Your objective:
In the records below, the relevant part opens with the line containing "9月29日、Bリーグは開幕1" and closes with the line containing "トップス:NIMAI-NITAI シルクコットンフリルTop"; print that part exactly and only, without its pictures.

[Opening Data for this exercise section]

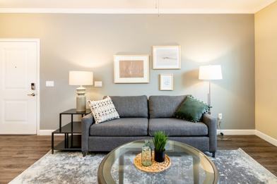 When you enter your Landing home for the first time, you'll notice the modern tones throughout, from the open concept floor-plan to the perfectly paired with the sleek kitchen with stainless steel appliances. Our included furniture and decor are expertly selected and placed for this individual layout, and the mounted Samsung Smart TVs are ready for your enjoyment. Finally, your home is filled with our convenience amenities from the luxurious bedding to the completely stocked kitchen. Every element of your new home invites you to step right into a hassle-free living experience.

[Closing Data for this exercise section]
[Opening Data for this exercise section]

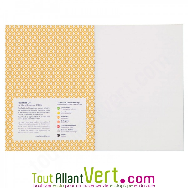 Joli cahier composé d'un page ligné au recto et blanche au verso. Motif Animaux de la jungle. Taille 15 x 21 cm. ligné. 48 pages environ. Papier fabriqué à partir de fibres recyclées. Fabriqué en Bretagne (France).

[Closing Data for this exercise section]
[Opening Data for this exercise section]

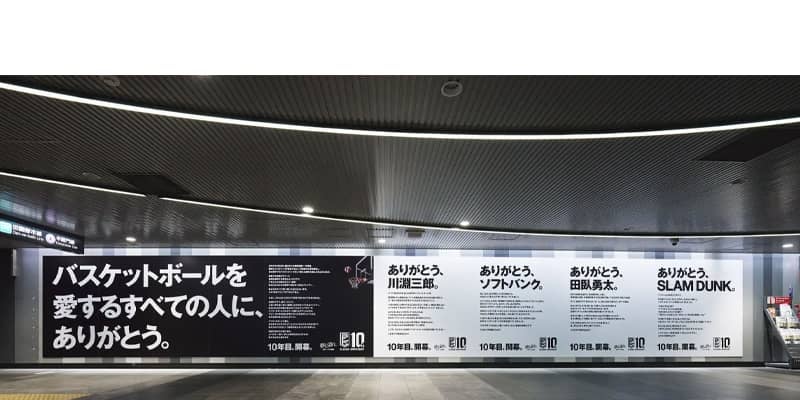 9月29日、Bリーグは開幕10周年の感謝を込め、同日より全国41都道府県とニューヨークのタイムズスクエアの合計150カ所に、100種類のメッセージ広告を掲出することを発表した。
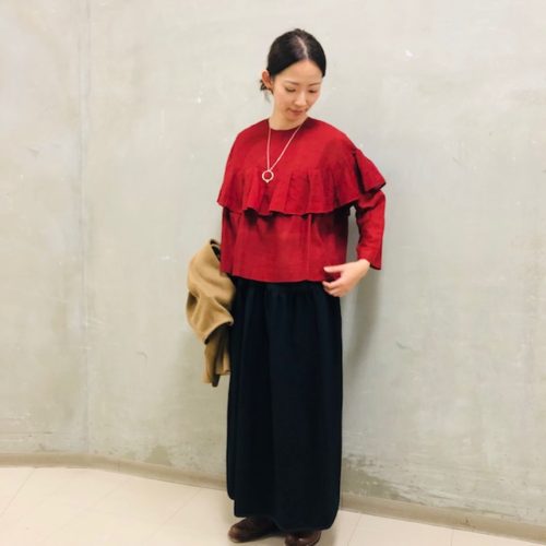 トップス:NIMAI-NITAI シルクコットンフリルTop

[Closing Data for this exercise section]

Answer for the task:
 9月29日、Bリーグは開幕10周年の感謝を込め、同日より全国41都道府県とニューヨークのタイムズスクエアの合計150カ所に、100種類のメッセージ広告を掲出することを発表した。
 トップス:NIMAI-NITAI シルクコットンフリルTop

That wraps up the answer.